**DATA PROVIDED**
※ ※ ※

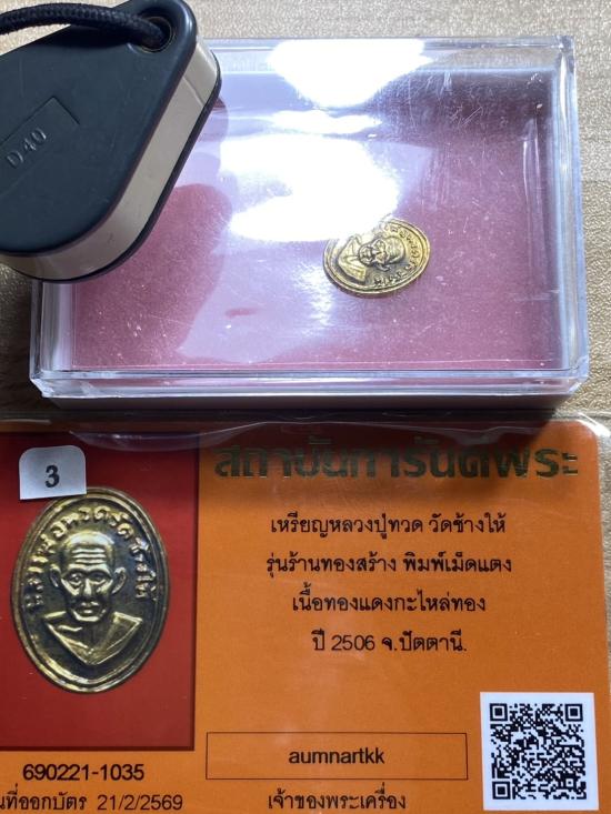 หลวงปู่ทวด เม็ดแตง ( หัวแหวน ) ปี 2506 สวยๆ พร้อมบัตร |
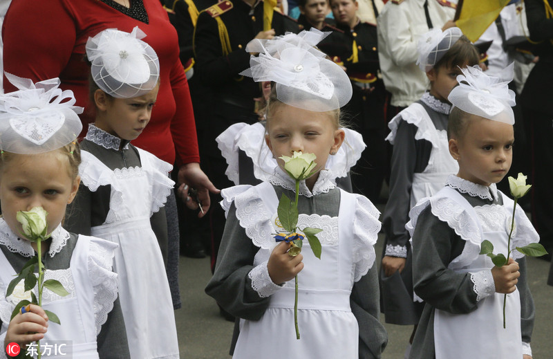 当地时间2018年9月3日,乌克兰基辅,当地一所少年军校迎来“知识日”,即开学首日,小学员身穿军装返校上课。乌克兰的“知识日”标志着新学年的开始。
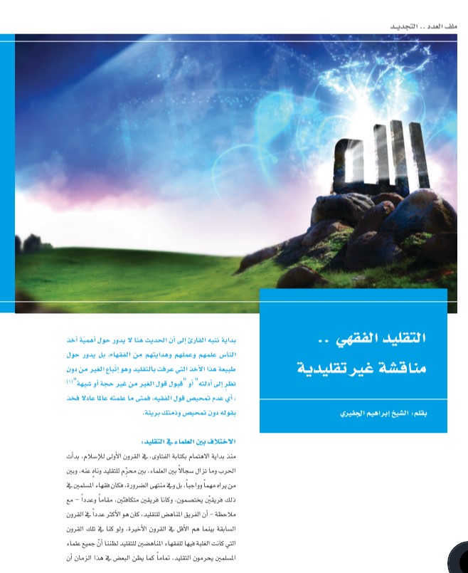 حول مقاله في مجلة التجديد العدد (6) مارس 2010 بعنوان "التقليد الفقهي.. مناقشة غير تقليدية"

※ ※ ※

**INSTRUCTIONS FOR THE TASK**
Before you finish, make sure every line above has been repeated exactly and no picture remains in the copy.

**EXERCISE ANSWER**
 หลวงปู่ทวด เม็ดแตง ( หัวแหวน ) ปี 2506 สวยๆ พร้อมบัตร |
 当地时间2018年9月3日,乌克兰基辅,当地一所少年军校迎来“知识日”,即开学首日,小学员身穿军装返校上课。乌克兰的“知识日”标志着新学年的开始。
 حول مقاله في مجلة التجديد العدد (6) مارس 2010 بعنوان "التقليد الفقهي.. مناقشة غير تقليدية"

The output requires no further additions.